I have this so far: PE=mgh.. therefore it should be 0 because there is no height to account for? Is that correct?

Also Kinetic energy is 1/2mv^2 which would equal 38.416. However, I don't understand how to account for the 1 and 2 seconds. Any help you could give me?

Unknown008
May 26, 2010, 08:29 AM
You need to find the height of the stone after 1 second.
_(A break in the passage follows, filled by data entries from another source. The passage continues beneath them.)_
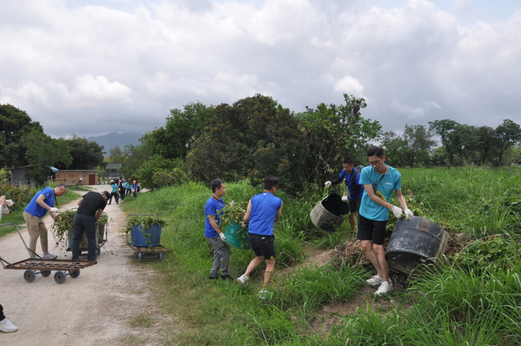 活動當天,WWF-HK 職員向各義工們介紹保護區(qū)內(nèi)的濕地系統(tǒng),米埔內(nèi)后海灣拉姆薩濕地是個淺水海灣,臨水地帶為廣闊的潮間帶泥灘,灘后遍布紅樹林、潮間帶蝦塘(基圍)、漁塘和蘆葦林,是遷飛候鳥從北極圈俄羅斯遷飛至澳洲期間的重要度冬棲息地和補給站。而在一片綠油油的美景之下就潛伏著完美偽裝的植物殺手「薇甘菊」,經(jīng)過WWF-HK 職員的指導(dǎo)如何辨別薇甘菊及其妨礙其他植物進行光合作用的害處之后,義工們便戴上勞工手套,開始進行對大自然傷害最少的人手清除工作,并利用手推車將收集到的薇甘菊移送至收集點。
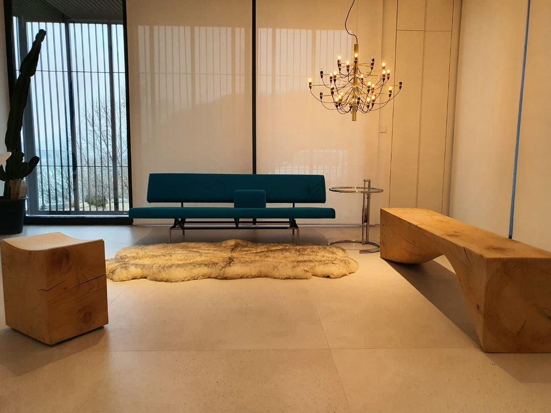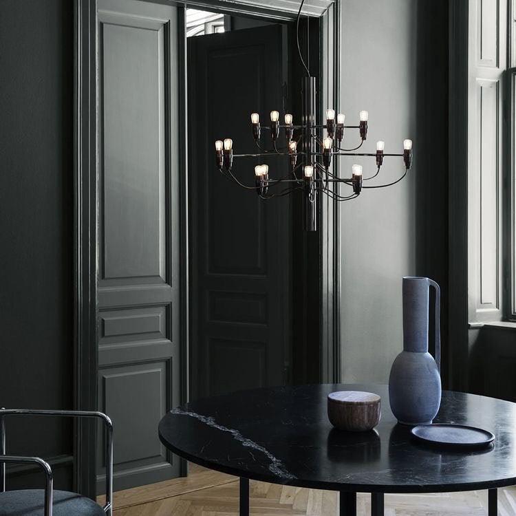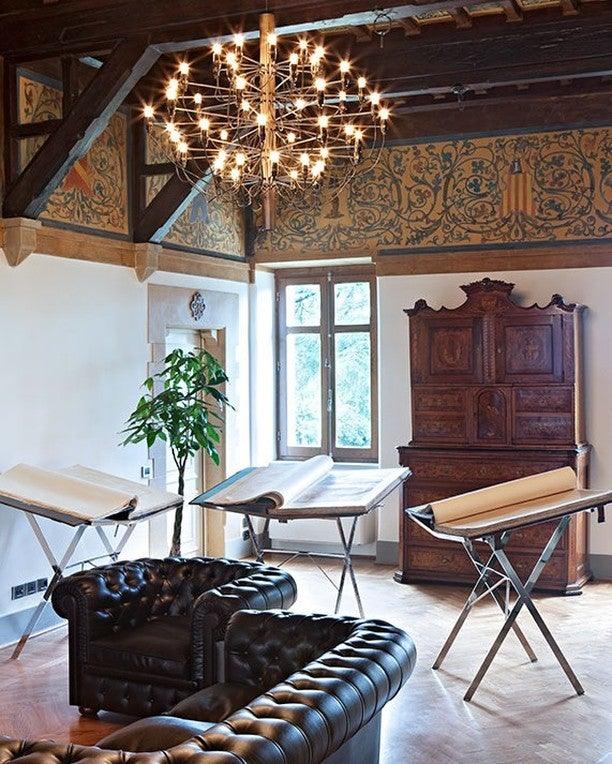 Since 1958, this iconic Gino Sarfatti design has served as an ultra-modern representation of the traditional mid-century chandelier. Every detail of this state-of-the-art ceiling light is exceptional, from the mirror-polish finish of its main steel structure to the way each bulb is fitted with its own horizontal arm and the graceful wiring meanders down the stem.
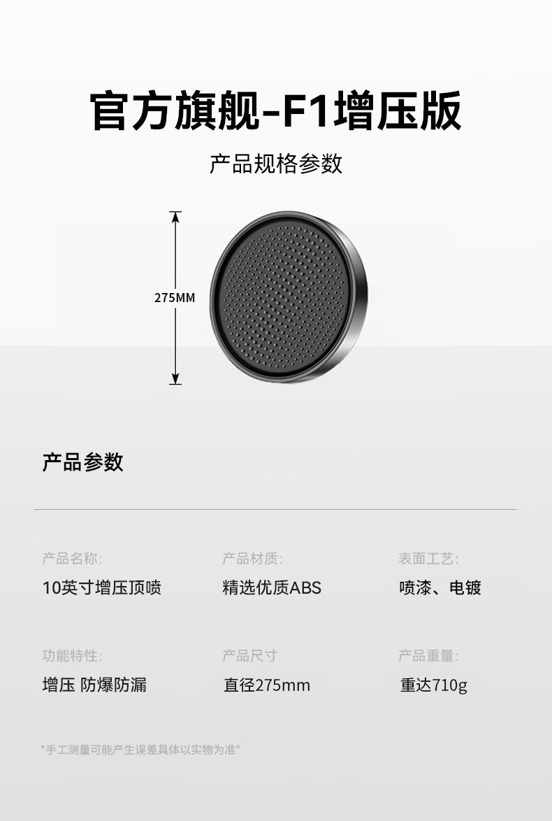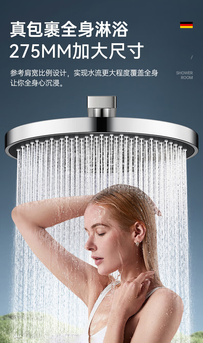 GuGuGo【德国】花洒顶喷增压花洒喷头淋浴喷头大花洒浴室洗澡顶喷花洒头 【星空银】27CM大顶喷增压花洒 AIR空气增压丨享受全身雨淋般体验
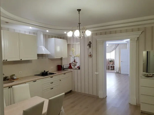 Трехкомнатная квартира с хорошим дизайнерским ремонтом. Выполнен в светлых тонах, с дорогой бытовой техникой, и сантехникой.
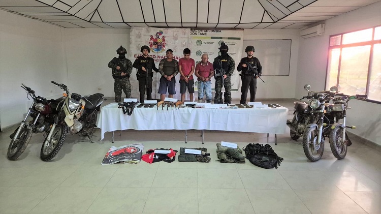 Tropas del Ejército Nacional capturaron a tres integrantes del Frente Domingo Laín Sáenz, del grupo armado organizado (GAO) ELN, quienes serían los presuntos responsables de ataques terroristas contra la infraestructura crítica del Estado, específicamente contra la válvula 26 del oleoducto Bicentenario, así como de acciones armadas contra la Fuerza Pública y la población civil en el sector de Corocito.
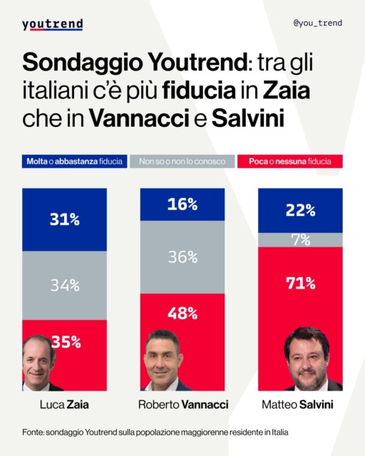 Intanto, da un sondaggio nazionale di Youtrend, su un campione di 800 intervistati, gli italiani hanno più fiducia in Zaia, il 31%. Seguono Salvini al 22% e Vannacci al 16%.

You may use one of the formulae for motion for that: s = ut + 0.5at^2

where s is the distance the stone covered, u the initial speed, t the time elapsed and a the acceleration the ball experiences, that is the one due to gravity.

The height after one second is:
s = (19.6)(1) + 0.5(-9.81)(1)^2 = 14.695 m

With that height, you can find it's potential energy, and from that you can find the gain in potential energy and hence the kinetic energy using the principle of conservation of energy.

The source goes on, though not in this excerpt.